▶ _Provided entries_:
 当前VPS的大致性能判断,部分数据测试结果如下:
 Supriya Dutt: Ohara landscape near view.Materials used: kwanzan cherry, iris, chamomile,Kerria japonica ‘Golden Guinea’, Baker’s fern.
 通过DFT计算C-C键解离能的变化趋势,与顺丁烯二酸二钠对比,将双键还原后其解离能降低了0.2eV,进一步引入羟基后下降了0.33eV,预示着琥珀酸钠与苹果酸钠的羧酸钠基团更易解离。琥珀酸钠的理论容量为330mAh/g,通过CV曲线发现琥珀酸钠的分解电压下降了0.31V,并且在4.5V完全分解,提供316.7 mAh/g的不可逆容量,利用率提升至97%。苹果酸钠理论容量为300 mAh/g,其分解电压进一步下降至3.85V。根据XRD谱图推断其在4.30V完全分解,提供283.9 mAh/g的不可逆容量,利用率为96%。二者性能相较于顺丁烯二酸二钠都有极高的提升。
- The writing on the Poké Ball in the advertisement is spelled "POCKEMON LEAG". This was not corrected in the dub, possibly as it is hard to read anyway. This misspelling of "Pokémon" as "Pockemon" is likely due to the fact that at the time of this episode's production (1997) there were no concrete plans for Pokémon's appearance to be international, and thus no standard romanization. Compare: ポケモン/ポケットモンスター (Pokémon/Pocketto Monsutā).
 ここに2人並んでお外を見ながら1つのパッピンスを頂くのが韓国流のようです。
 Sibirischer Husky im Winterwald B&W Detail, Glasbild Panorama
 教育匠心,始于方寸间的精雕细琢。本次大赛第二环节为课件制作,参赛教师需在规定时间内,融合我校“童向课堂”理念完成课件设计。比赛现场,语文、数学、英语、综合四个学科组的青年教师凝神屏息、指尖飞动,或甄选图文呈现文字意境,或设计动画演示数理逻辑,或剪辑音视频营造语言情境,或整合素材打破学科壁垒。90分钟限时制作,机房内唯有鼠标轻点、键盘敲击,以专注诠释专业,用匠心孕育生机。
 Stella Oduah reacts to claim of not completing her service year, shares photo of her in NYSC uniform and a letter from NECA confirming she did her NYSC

==

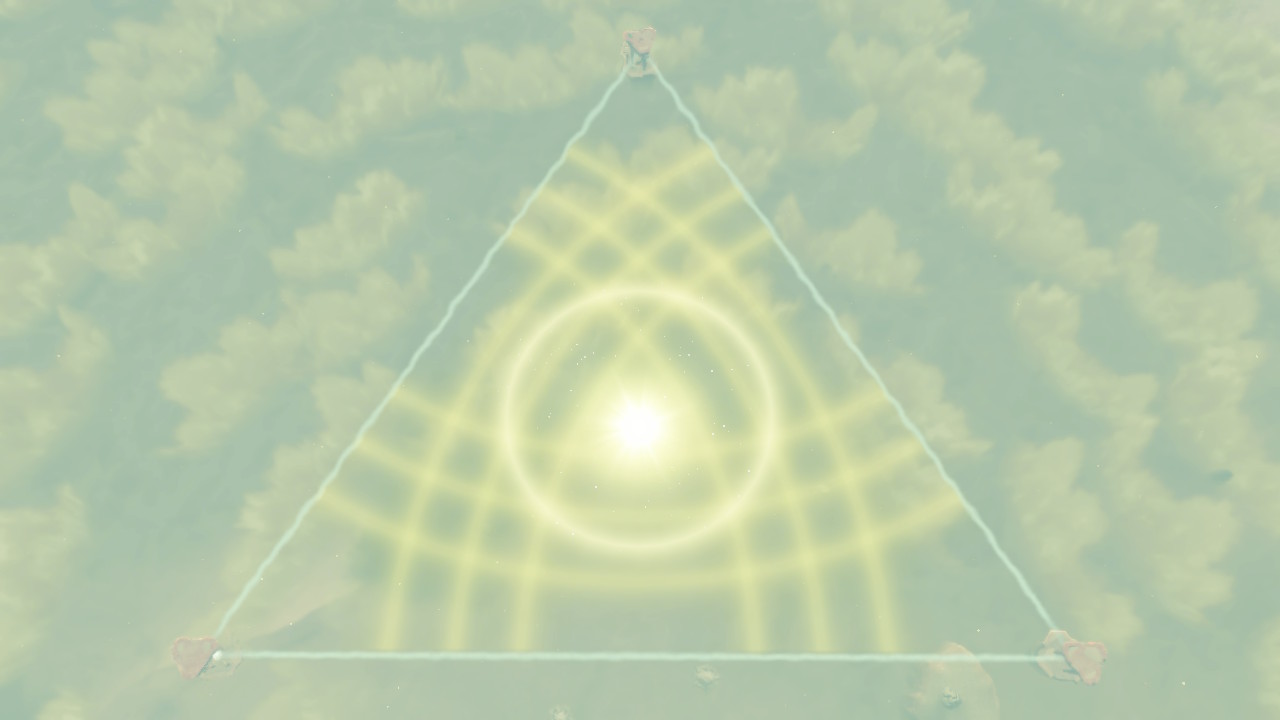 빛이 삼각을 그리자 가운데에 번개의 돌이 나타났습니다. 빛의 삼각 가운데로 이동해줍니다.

* * *

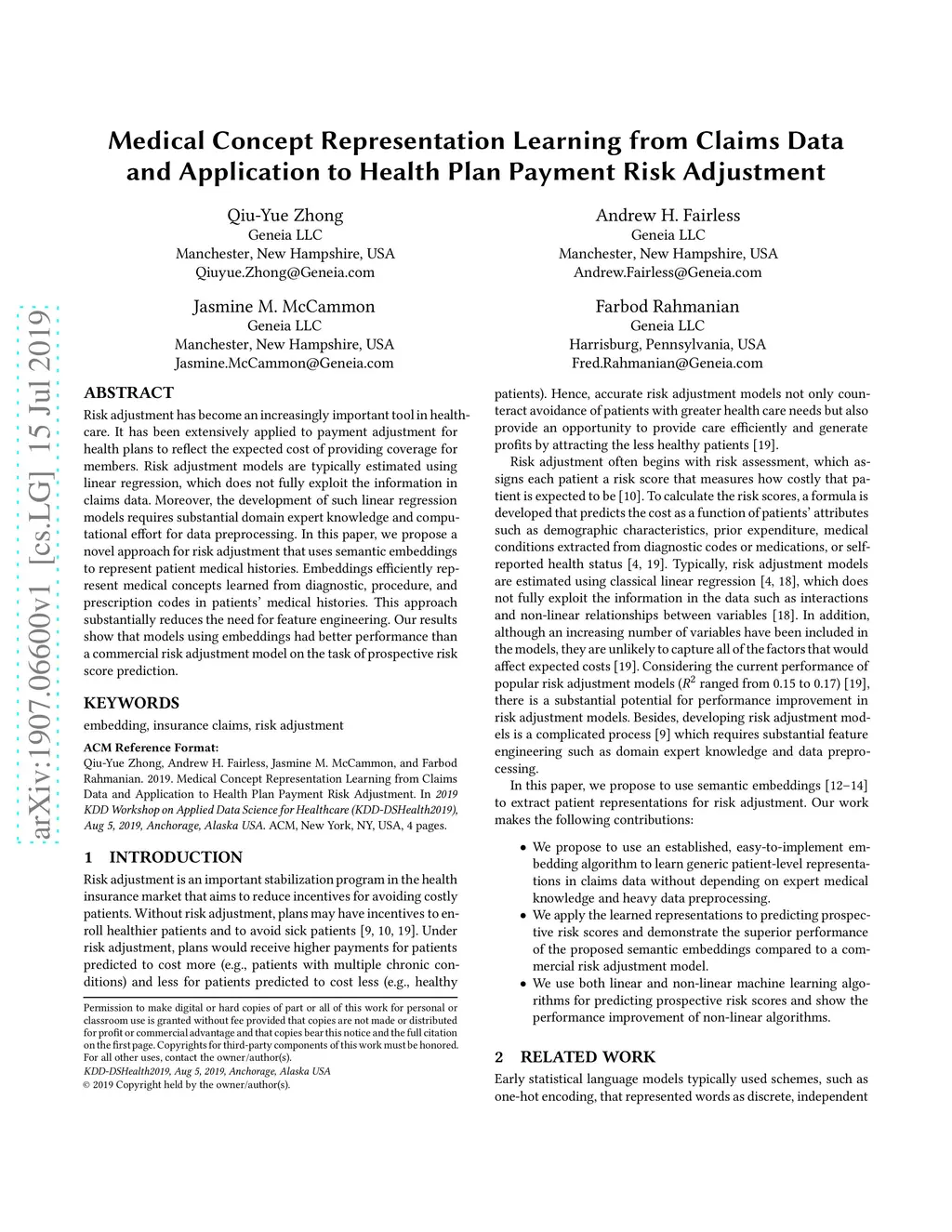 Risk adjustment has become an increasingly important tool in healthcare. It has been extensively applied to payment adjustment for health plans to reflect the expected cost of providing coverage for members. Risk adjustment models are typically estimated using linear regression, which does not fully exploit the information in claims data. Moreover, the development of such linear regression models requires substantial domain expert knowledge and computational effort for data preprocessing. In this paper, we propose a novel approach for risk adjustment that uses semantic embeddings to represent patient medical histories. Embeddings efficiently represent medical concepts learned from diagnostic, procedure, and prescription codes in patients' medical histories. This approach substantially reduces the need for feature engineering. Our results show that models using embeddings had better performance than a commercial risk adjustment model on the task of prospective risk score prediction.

▶ _What needs to be done_: Taking the listing above as the source, transcribe only the lines starting at the line with "教育匠心,始于方寸间的精雕细" and going through the line with "Stella Oduah reacts", unaltered and with both ends included.

▶ _Exercise output_:
 教育匠心,始于方寸间的精雕细琢。本次大赛第二环节为课件制作,参赛教师需在规定时间内,融合我校“童向课堂”理念完成课件设计。比赛现场,语文、数学、英语、综合四个学科组的青年教师凝神屏息、指尖飞动,或甄选图文呈现文字意境,或设计动画演示数理逻辑,或剪辑音视频营造语言情境,或整合素材打破学科壁垒。90分钟限时制作,机房内唯有鼠标轻点、键盘敲击,以专注诠释专业,用匠心孕育生机。
 Stella Oduah reacts to claim of not completing her service year, shares photo of her in NYSC uniform and a letter from NECA confirming she did her NYSC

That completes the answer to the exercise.